• _Problem description_: Would you please transcribe, exactly as written, the lines of the entries below starting at the one that holds "また、案件店舗を変更したい場" and ending at the one that holds "Διαβάστε όλα τα", both included?
Available data Block Start
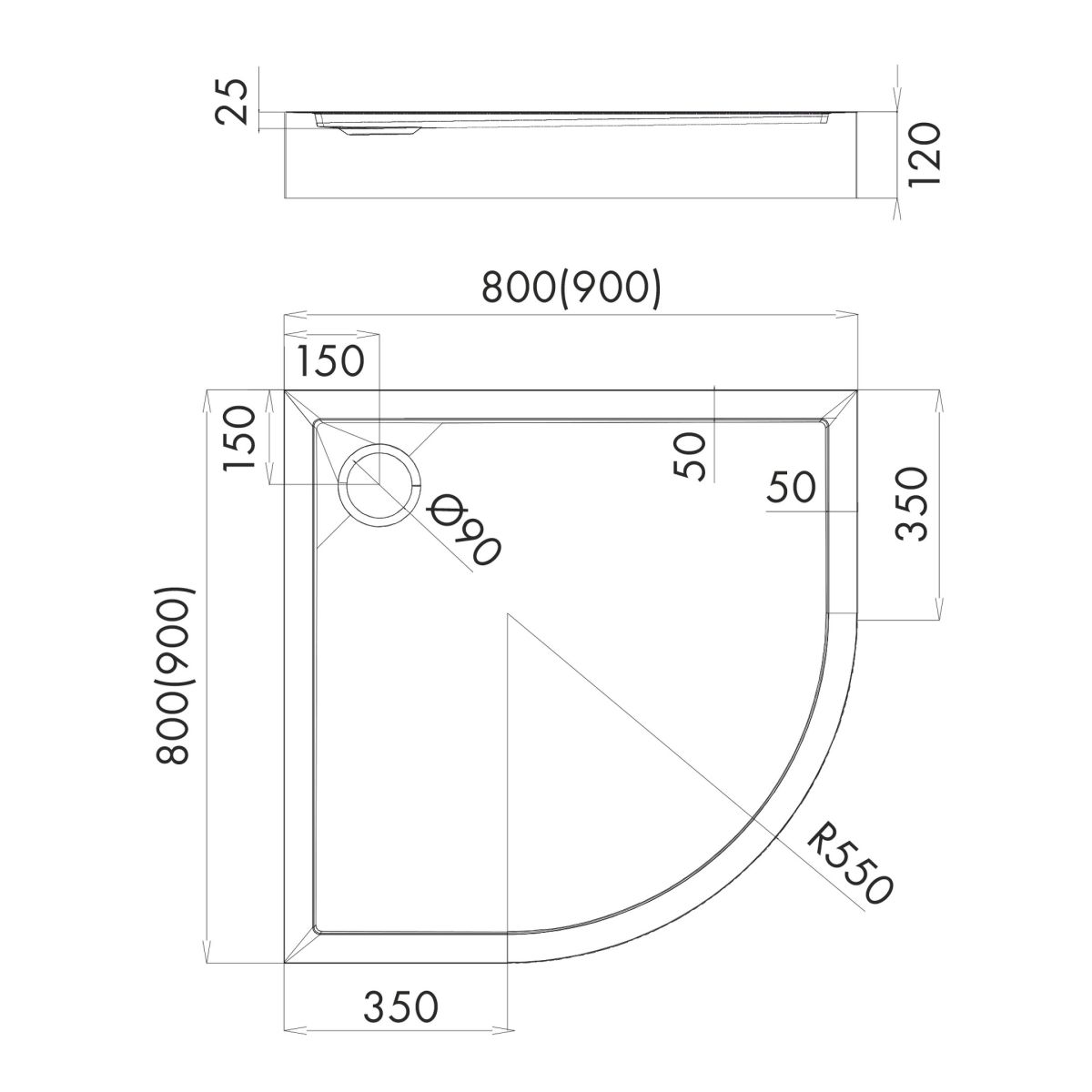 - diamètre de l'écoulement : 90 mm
Available data Block End
Available data Block Start
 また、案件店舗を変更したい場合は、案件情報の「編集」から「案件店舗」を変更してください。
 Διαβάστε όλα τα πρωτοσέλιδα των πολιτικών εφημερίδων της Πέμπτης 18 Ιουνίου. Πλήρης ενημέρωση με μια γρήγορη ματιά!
Available data Block End
• _Response for this exercise_:
 また、案件店舗を変更したい場合は、案件情報の「編集」から「案件店舗」を変更してください。
 Διαβάστε όλα τα πρωτοσέλιδα των πολιτικών εφημερίδων της Πέμπτης 18 Ιουνίου. Πλήρης ενημέρωση με μια γρήγορη ματιά!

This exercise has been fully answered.